Сей план Полина Аристарховна приняла без обиняков, чему я был несказанно рад. Успели мы еще составить ополчение всего из двух слуг, у коих коленки при выстрелах не дрогнули бы в первый же миг, прочую никчемную дворню отправили в лес, сами же зарядили все ружья и пистолеты… О, как хотелось мне возыметь власть и над Полиной Аристарховной, и саму ее тоже спровадить подальше от дома... но, признаюсь, я и заикнуться о том боялся, полагая итог уговоров прямо противоположным: барышня движением крепкой руки отстранит меня прочь и ну как выйдет сама навстречу врагу! Ведь опыт такой она уже имела, и весьма успешный. Ее уж не остановить, коли решит по-своему.

– Ежели они вам не поверят, а то будет видно издали, мы их и так уговорим, – решительно «успокоила» меня хозяйка. – У нас двенадцать зарядов. Уверяю вас, ни один не пропадет втуне.

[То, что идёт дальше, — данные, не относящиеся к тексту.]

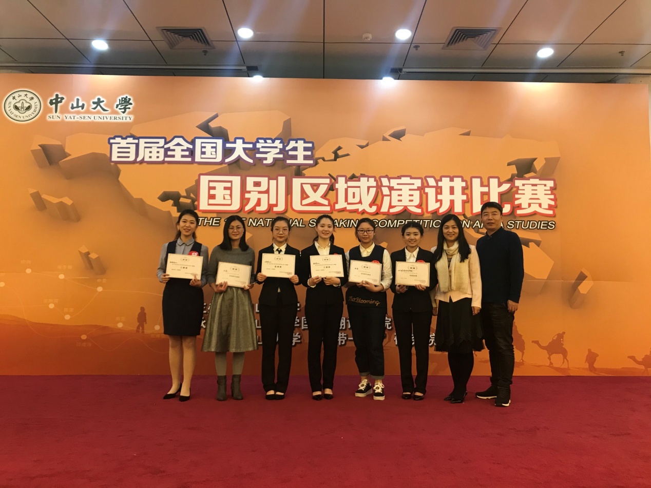 12月14日下午,首届全国大学生国别区域演讲比赛在中山大学珠海校区同期举行。170余名参赛选手围绕“一带一路”倡议、新时代大国特色外交、文明互鉴等话题展开精彩演讲。新葡的京官网陈倩老师带领6名本科生参加了演讲比赛。经过初赛、复赛两轮激烈的角逐,英语专业2018级本科生赵雨欣和翻译专业2017级本科生潘安蓉荣获三等奖,英语专业2019级本科生王紫嫣荣获优秀奖。陈倩老师、代莉老师荣获“优秀指导教师奖”。学院荣获“优秀组织奖”。
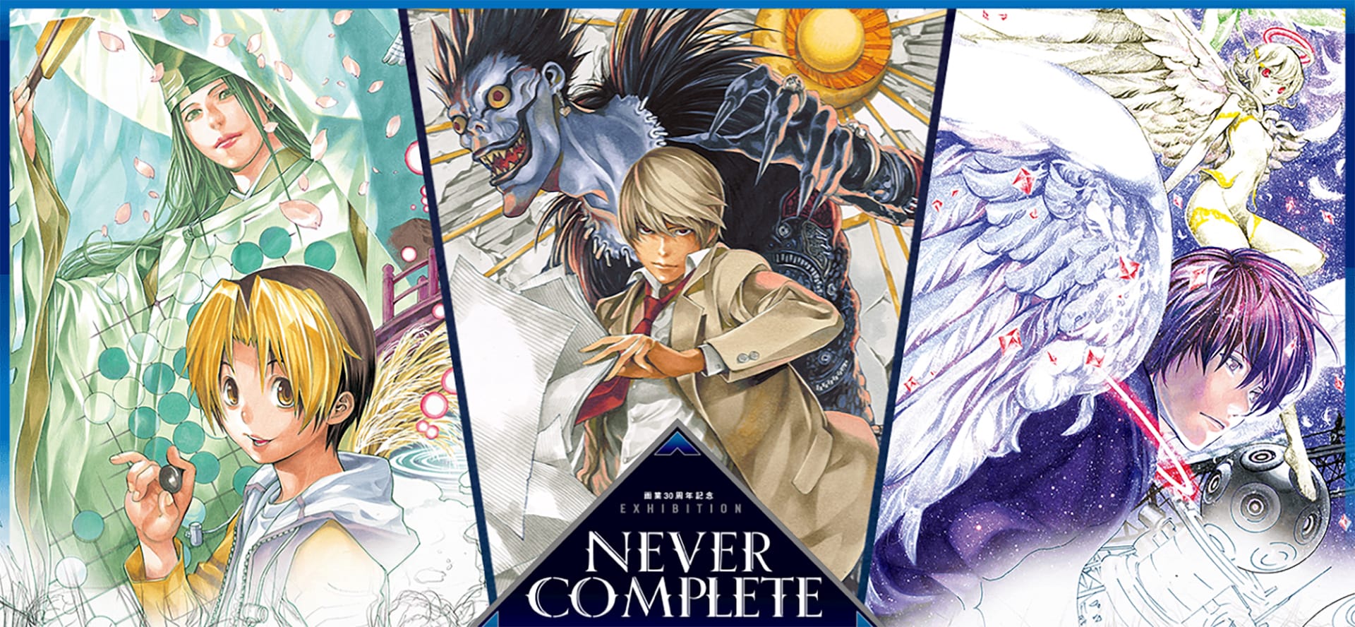 This new exhibit will focus on the illustrative work of Takeshi Obata throughout his career. This will obviously include Death Note, but will also include his work on Bakuman and more from throughout his career. The first section, focusing on this work, will include manuscripts from iconic scenes and attempt to showcase his signature style and his approach to art. The illustration section of this exhibit will focus on art such as the covers of various mangas, collaborative illustrations and more. The third section, titled 'Never Complete' will focus on his approach for art going into the future.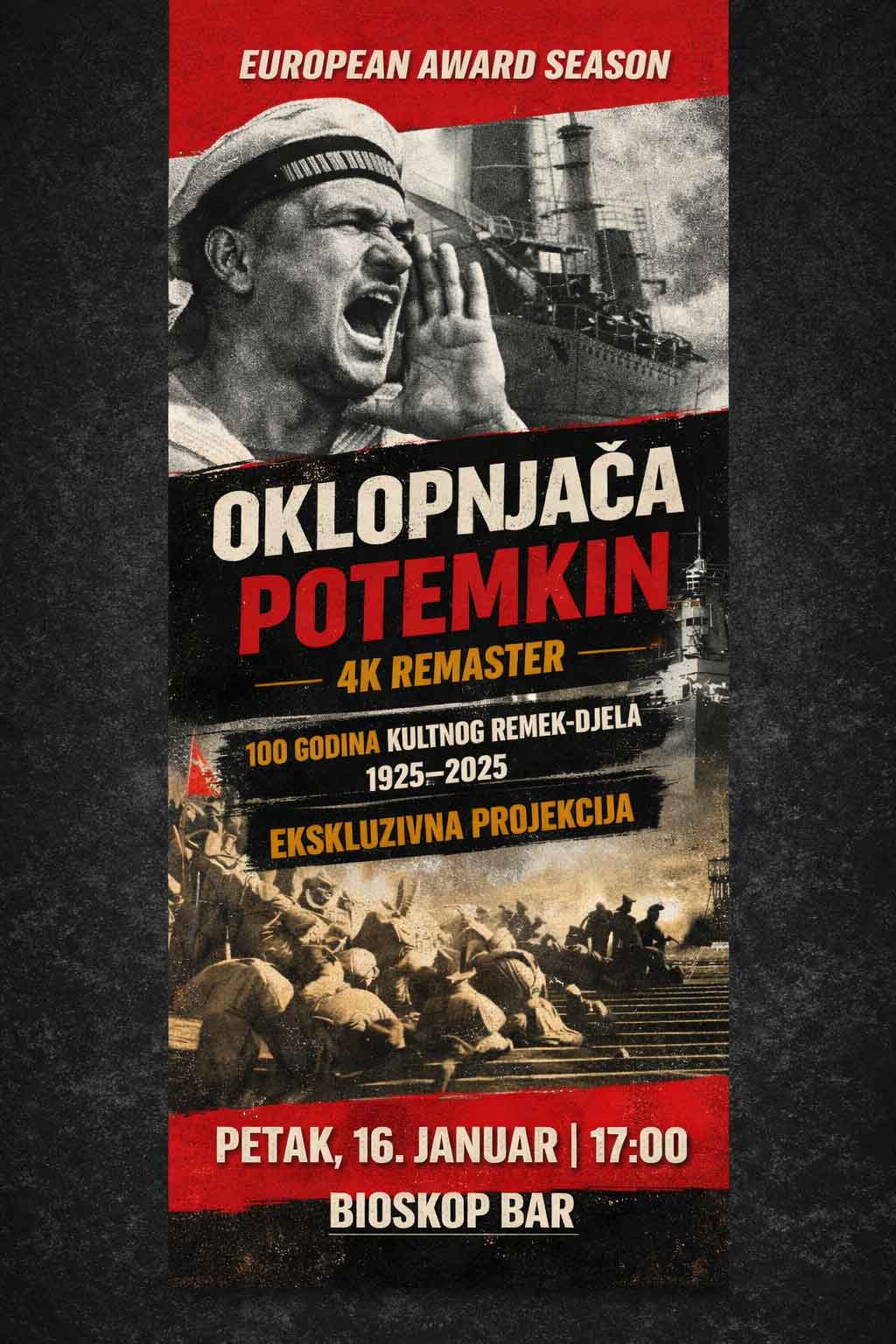 U okviru programa European Award Season, Bioskop Bar organizuje ekskluzivnu projekciju 4K remasterizovane verzije filma Oklopnjača Potemkin, restaurisane sa originalnog negativa.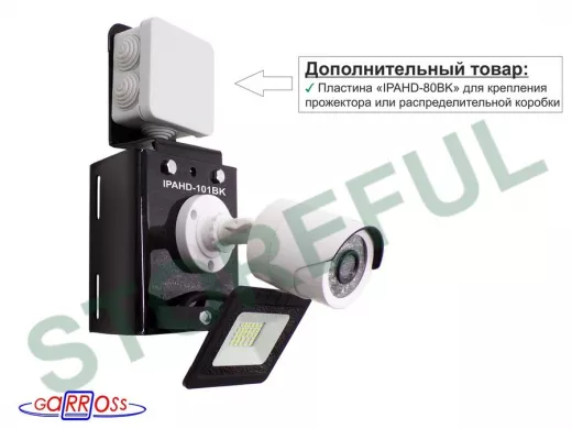 • Конструкция кронштейна позволяет крепить дополнительную опцию в виде разводной коробки, для укладки соединительных электропроводов от камеры и прожектора.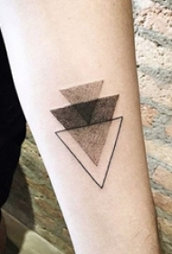 女生手臂上黑色点刺几何线条三角形纹身图片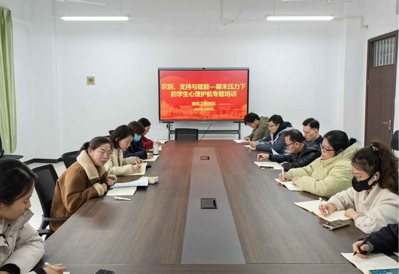 为进一步加强学生心理健康教育工作,帮助学生在期末阶段有效应对学业压力,提升心理调适能力,建工学院于12月9日举办了“识别、支持与赋能——期末压力下的学生心理护航”专题培训会。建工学院党委副书记支园园和全体辅导员参加了本次培训,培训由建工学院彩虹桥心理辅导站站长段续洪主讲。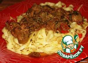 Рагу из куриной печени с яблоком

Я и не сомневался… и невольно совершил в уме новое вычитание: семнадцать минус двенадцать… всего пяток в остатке! С ними, пожалуй, я и сам справлюсь, коли удачно начну. Согласись, любезный читатель, под участливым взором Прекрасной Дамы драться с пятерыми – сущий пустяк!

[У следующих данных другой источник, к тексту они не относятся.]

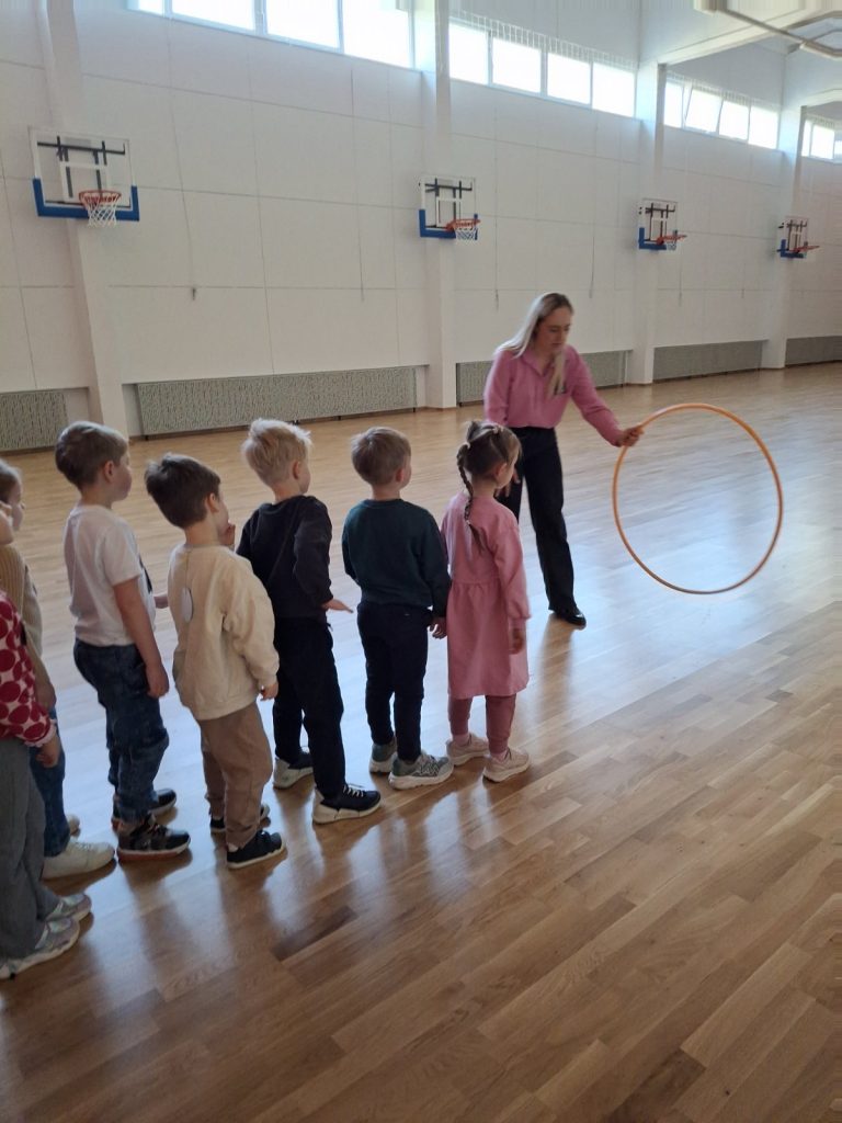 Mažieji svečiai atvyko į pažintinę ekskursiją, kurios metu turėjo galimybę susipažinti su mokyklos aplinka bei kasdieniu mokinių gyvenimu. Pirmiausia vaikai aplankė mokyklos erdves, o didžiausią įspūdį jiems paliko sporto salė. Čia jie aktyviai įsitraukė į smagias sporto estafetes, demonstravo vikrumą, greitį ir puikią nuotaiką.
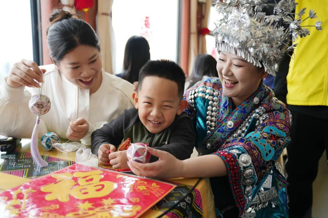 南宁至北京西的Z6次列车在餐车内为来自南宁市和防城港市前往北京研学的学生开展民族团结交流活动,营造浓浓年味,带给学生们别样的乘车体验。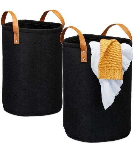 RELAXDAYS Cesto Portabiancheria da 28 l, Set 2 Cestini Porta Biancheria in Feltro con Manici, Bagno, HxD: 47x30 cm, Nero -
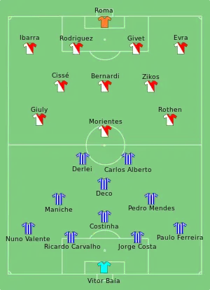 13. "Tactical Line-ups – Final – Wednesday 26 May 2004" (PDF). UEFA. 26 May 2004. Retrieved 29 December 2017.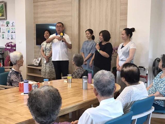 我們一進(jìn)去就被里面的場(chǎng)景所吸引,老人們圍成兩桌在做餅干,每個(gè)老人都非常投入;院長(zhǎng)邀請(qǐng)了一位曾經(jīng)擔(dān)任過校長(zhǎng)的老人跟我們講話,老人說話稍微有些不清晰,但思維還是很有條理;之后由一位年長(zhǎng)的社工leader帶領(lǐng)老人們唱歌、做舞蹈操;最后是老人們一同用餐。為什么我要把這些環(huán)節(jié)都說一遍,因?yàn)槊恳粋(gè)環(huán)節(jié)都蘊(yùn)含著對(duì)老人的關(guān)愛和尊重!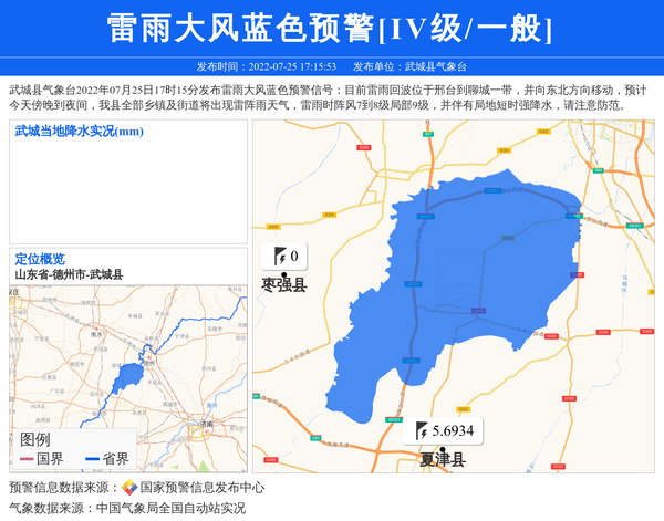 武城县气象台2022年07月25日17时15分发布雷雨大风蓝色预警信号:目前雷雨回波位于邢台到聊城一带,并向东北方向移动,预计今天傍晚到夜间,我县全部乡镇及街道将出现雷阵雨天气,雷雨时阵风7到8级局部9级,并伴有局地短时强降水,请注意防范。 信息来源:国家预警信息发布中心; 发布单位:武城县气象台。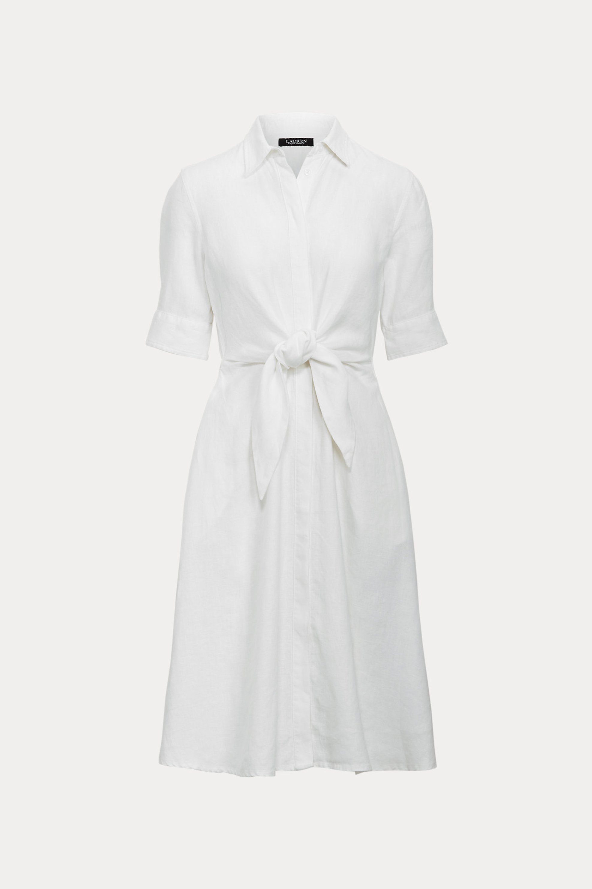 Γυναικείο mini φόρεμα σεμιζιέ. Δένει στη μέση με ενσωματωμένη ζώνη. Κρυφή πατιλέτα με κουμπιά μπροστά. Button up γιακάς. Flared τελείωμα. Kοντό μανίκι. 100% λινάρι

– Вы забываете еще один заряд – мой, – с улыбкой указал я и на свой пистолет. – Да еще сабля добрая при мне. Уже и не знаю, что останется на закуску вашей партизанской армии? Разве что объедки с господского стола.

Полина Аристарховна с такой нежданной теплотой улыбнулась мне, что сердце мое растаяло и решился я было на самый отчаянный комплимент… но именно в сей миг донесся до наших ушей дальний стук копыт.

– Вот они! – воскликнул я.

– С Богом! – перекрестила меня барышня.

…И тотчас сама перекрестилась.

Теперь уж точно сам черт мне был не страшен!

– Не поминайте лихом, коли что, Полина Аристарховна! – крикнул я, уже слетая вниз по лестнице.

– Вы живой куда нужнее! Всей России… и мне тоже! – прокричала вослед она, воодушевив меня на самый невероятный подвиг.

Я нарочно распахнул двери дома настежь и стал спускаться с крыльца навстречу возвращавшимся егерям неторопливым, важным шагом. Речей вкрадчивых да обманных я не готовил: надеялся, что в столь опасную минуту Бог не оставит меня, тем более молитвами Полины Аристарховны, и вложит в уста нужные слова.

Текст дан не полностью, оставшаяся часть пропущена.